Question 1 Mixed Numbers and Fractions

This question is in two parts, the first part asks us to add two mixed numbers together. To do this we add the whole number parts and the fractions separately. The whole number part is easy, because we just add the numbers together. When we add the fractions together, we have to recognise that they have different denominators, and that we have to make them the same before we can add them. Once we have converted the fracions so that their denominators are the same, it is simply a case of adding the numerators of the fractions and keeping the denominators the same. We then put the whole number part and the fraction part back together, and the question is complete.

Question 2 Ratios

Here we are given two ratios, one of which is the number of house to the number of flats, and a second one which is the number of flats to bungalows. The number of bungalows is given, and we are asked to find the number of houses. Since we know the ratio of flats to bungalows, we can use it to find the number of flats. We then use the ratio of houses to flats, and the fact that we now know the number of flats to work out the number of houses. For more questions on ratios for practice, check out this list of questions

Question 3 Percentages

This is a question where we are asked to work out the percentage profit that someone makes when they are selling some sweets. We are given the initial cost to the seller when she buys the sweets in bulk, in this case the cost of 5kg being £10. We are then told that she splits up the sweets into smaller bags, and the selling price per bag. We can then work out the amount of money she could make if she sells all the bags, and from this work out the percentage profit that is made by comparing with the initial outlay.

Question 4 Estimations

 

This is a question about finding an estimated answer to a question. Here we are given accurate data about a cycle race across America, which includes the distance of the race, and the average speed that the cyclist will be cycling each day, and for how many hours. We are asked to estimate the total number of days it will take the cyclist to complete the race. To do this, we need to round up the values given, so that the distance is rounded from 3069.25 miles to 3000miles, and the average speed from 15.12 miles per hour to 15 miles per hour. Using the information given, if he cycles for 8 hours a day, we can estimate he will travel 8 x 15 =120 miles per day. We then divide the total distance to travel by the miles travelled per day 3000/120  which gives us 25 days.

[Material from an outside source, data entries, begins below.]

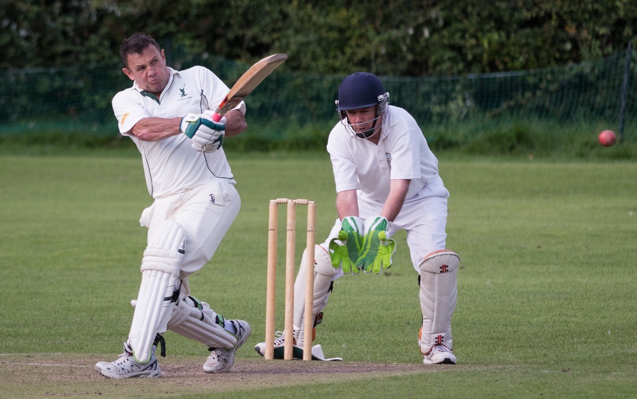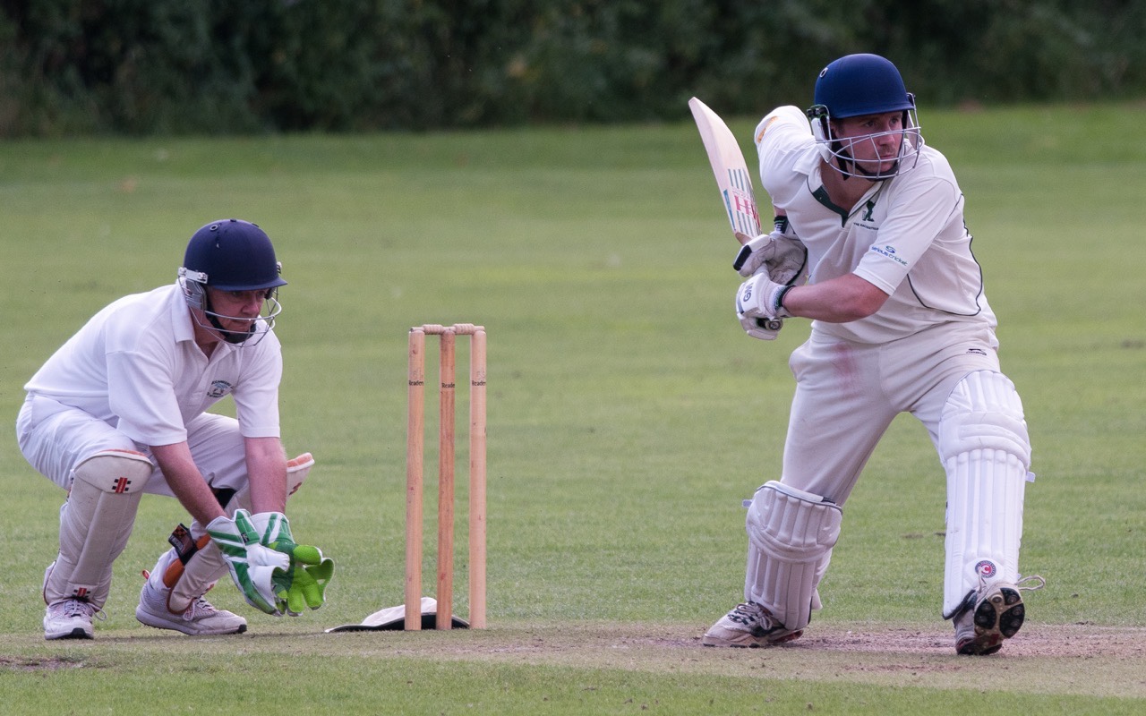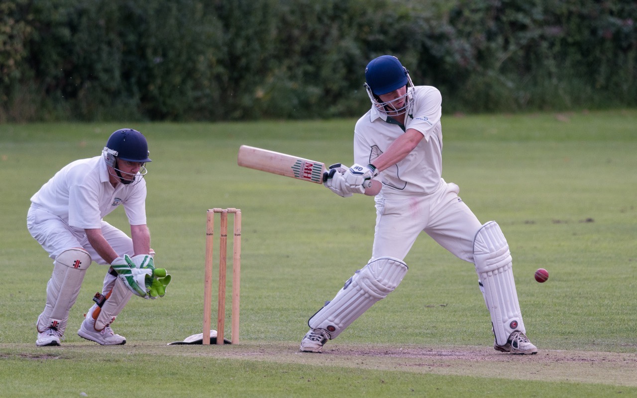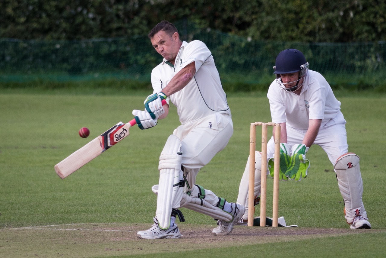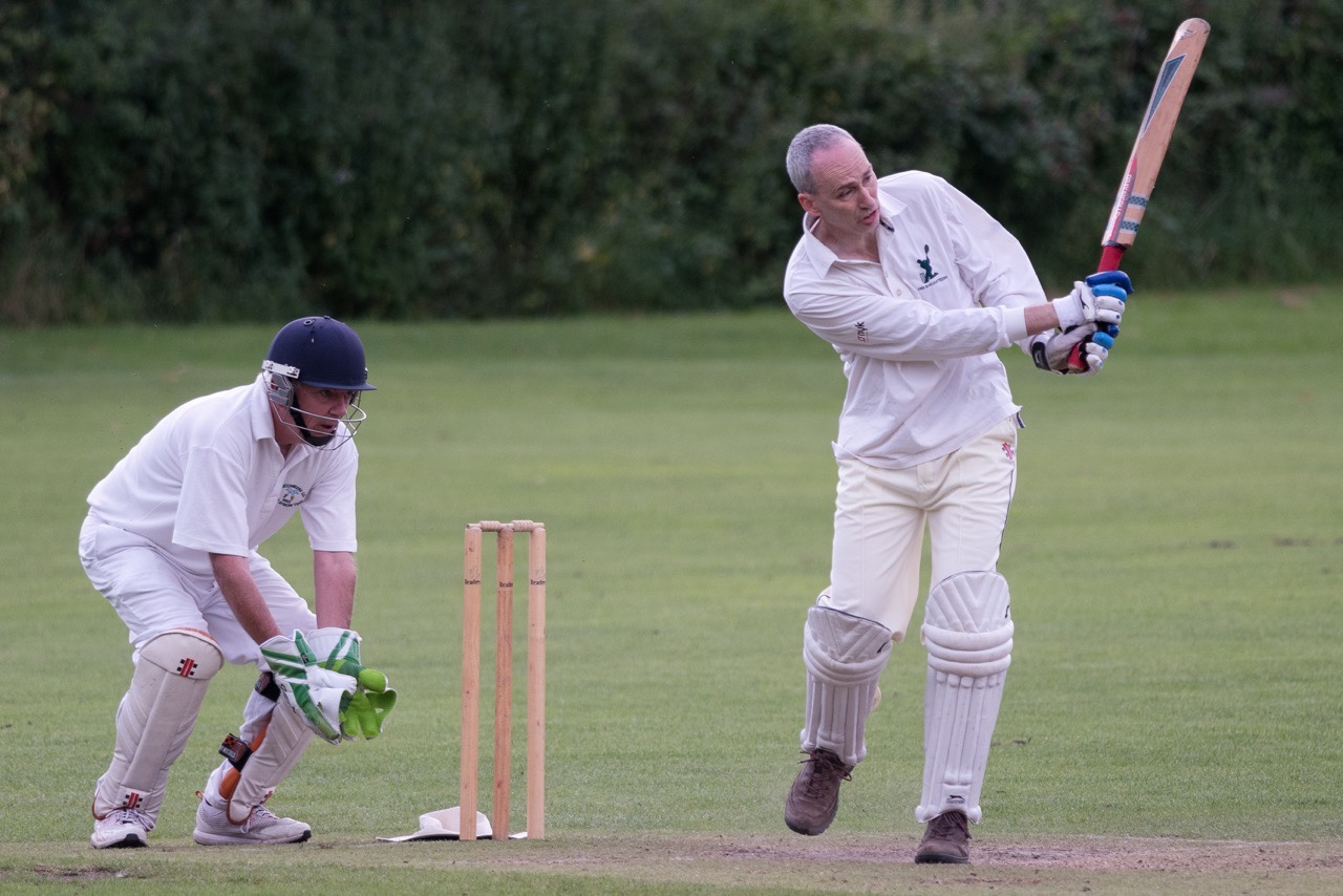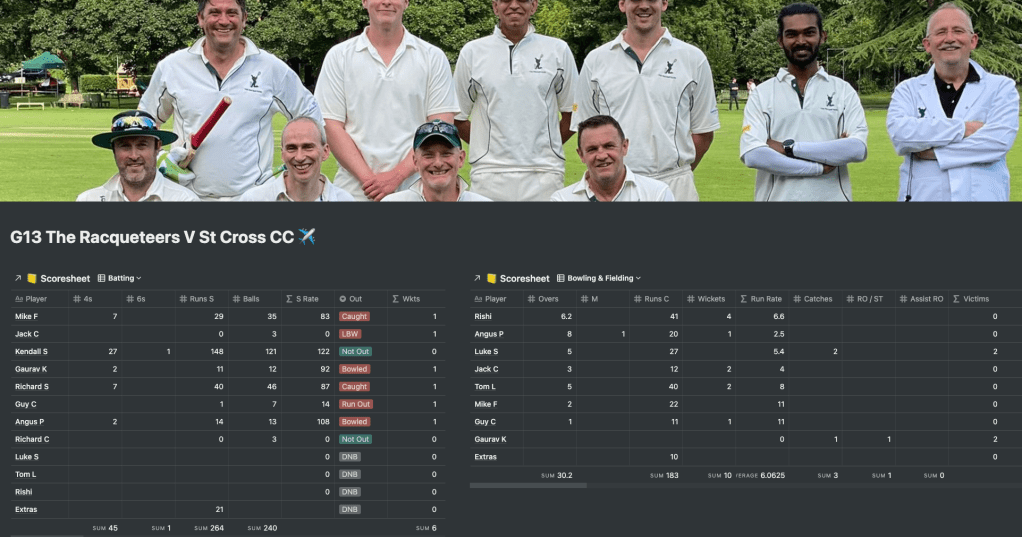 We played our first ever match against St Cross on a fabulous sunny afternoon, at a great ground surrounded by trees and meadows, with St Catherine’s Hill in the background. St Cross run six league teams, with their firsts currently standing second in the Premier division of the Southern Premier Cricket League. To be honest, I don’t think the first team would dare play us – too much to lose! As it was, we played their Sunday team, who were an enthusiastic and quality mix of experience and youth. The format was a a potentially gruelling 40 overs a side. Mike F won the toss and we batted. Mike F and Jack took the crease. Jack surprisingly fell lbw for 0 in the second over, a decision he wasn’t entirely happy with. Kendall came in at this point and – stayed in. The main story of our innings was Kendall hitting an unbeaten 148, including 27 fours and one six, and reaching the highest ever Racqueteers’ score. Mike F hit 29 (seven fours and one single) before being caught hitting high at mid wicket; Gaurav was bowled by an excellent ball for 11; Richard S scored an excellent 40 in a partnership of 93 with Kendall; Guy scored 1 in a partnership of 44; and Angus scored 14 before hitting out and being caught in the last over. But mainly the innings was about Kendall, only occasionally needing to wipe the sweat from his brow as he bludgeoned his way through 39 overs, facing 121 balls and accelerating in the second half but scoring fairly consistently throughout. Even running Guy out wasn’t enough to blot his copybook. The Racqueteers ended at 264 for six, a strong total, but still reachable in 40 overs.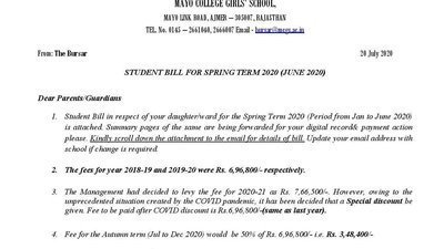 Concession in Fees for Mayo College Girls school and Mayo college Ajmer in Covid-19 time.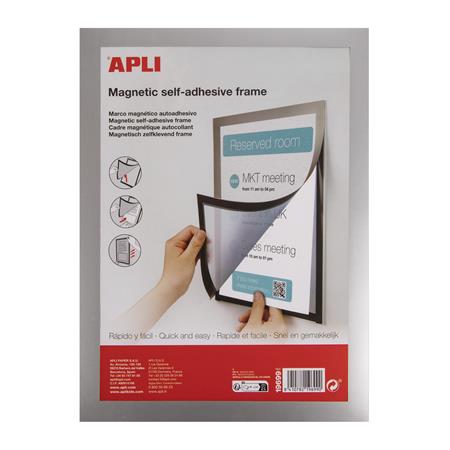 Mágneses öntapadó keret A4-es lapokhoz, amely lehetővé teszi fontos dokumentumok vagy képek gyors és egyszerű rögzítését.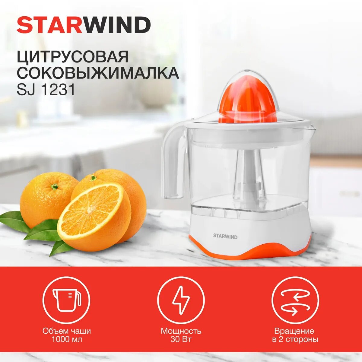 Купить Соковыжималка StarWind SJ 1231, цитрусовая, оранжевый и прозрачный с доставкой по всей России. Соковыжималка StarWind SJ 1231, цитрусовая, оранжевый и прозрачный: сравнение цен, характеристики, фото, актуальное наличие и цены.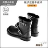 Botas infantis Botas estilo Martin Botas de cano médio para meninas Botas de couro Pretas Botas de Cavaleiro para meninos Botas de algodão com forro de fleece Botas simples Botas baixas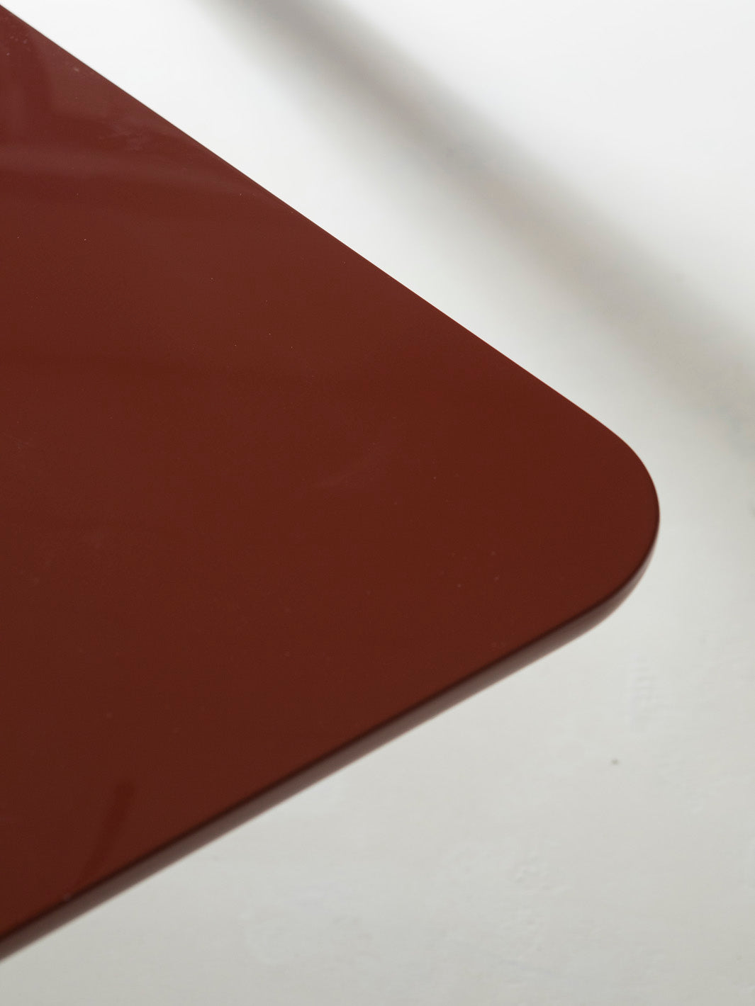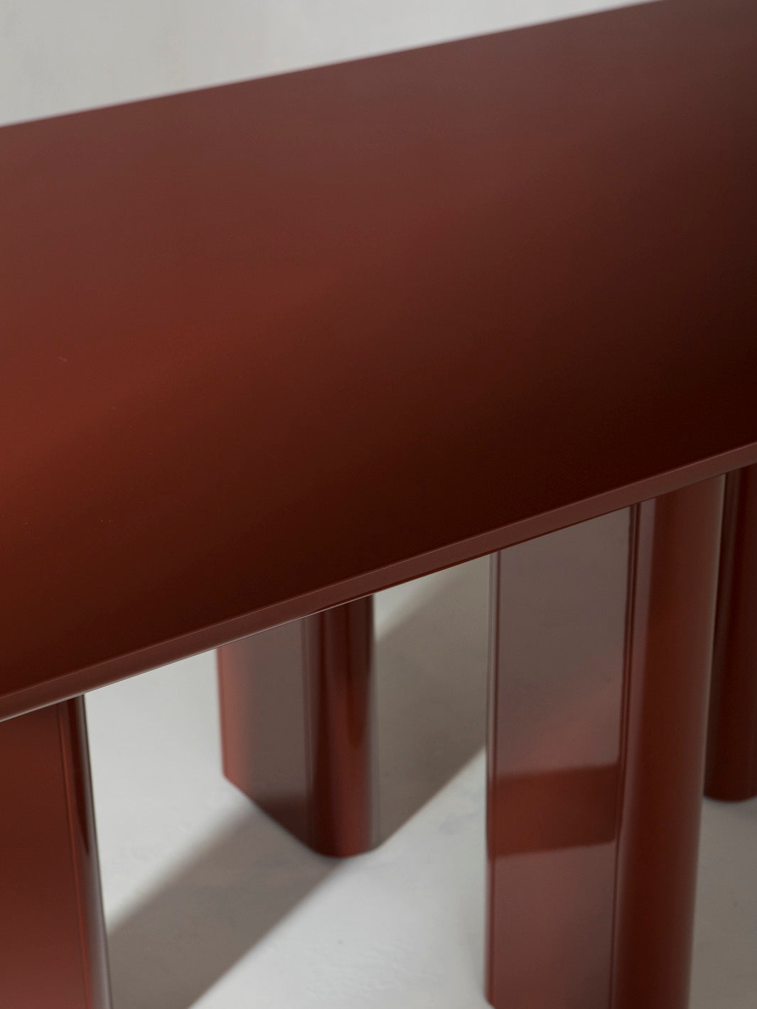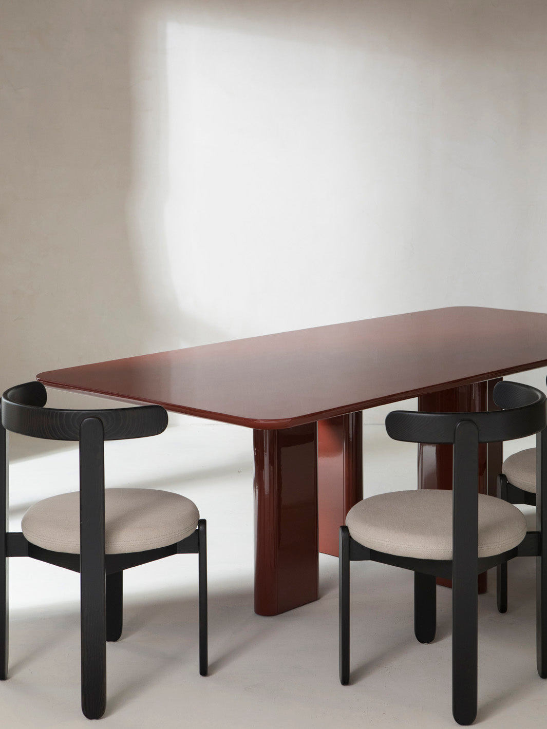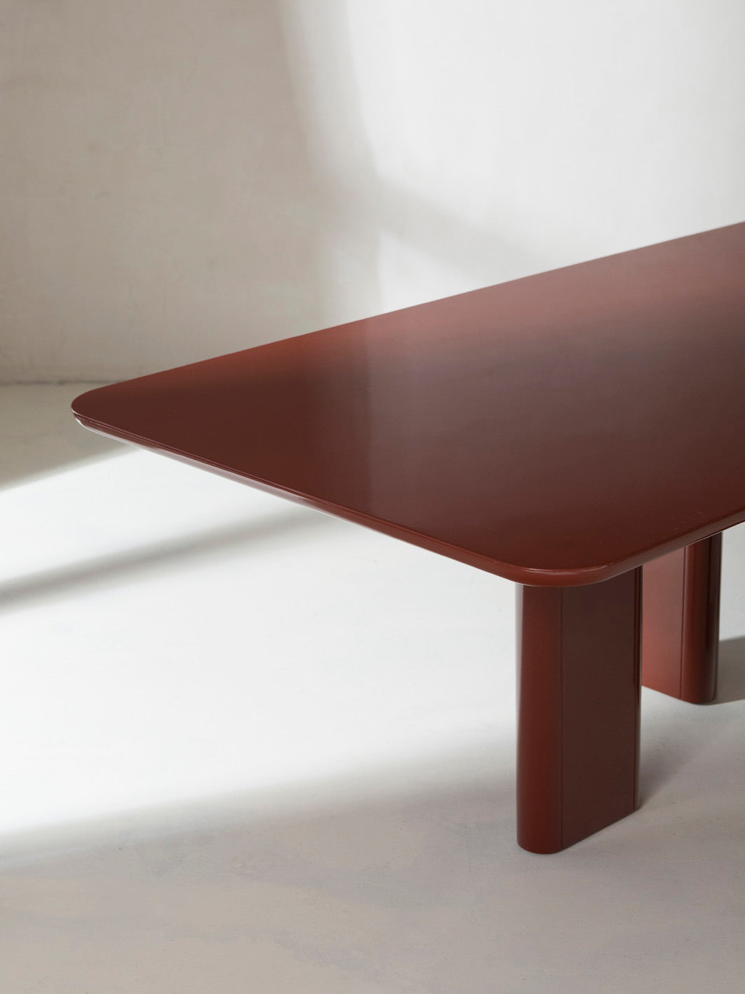 Mesa de comedor de madera lacada disponible en 4 colores: burgundy, caramel, kaki y blanco. Materiales nobles, detalles sofisticados y líneas marcadas. La laca adopta una estética audaz, con bordes biselados y formas contrastantes.

In the second part of the question we are told that he trains and his average cycling speed improves to 16.72 miles per hour, and asked how this will affect our answer to the first part of the question. Since the speed increases, we know that he will be covering more distance every day, which will reduce the number of days he will take to complete the race.

Question 5 Front Elevations.

This is a question in which we are given a 3D drawing of a pyramid and asked to draw the front elevation of the pyramid, and also work out the surface area of the pyramid.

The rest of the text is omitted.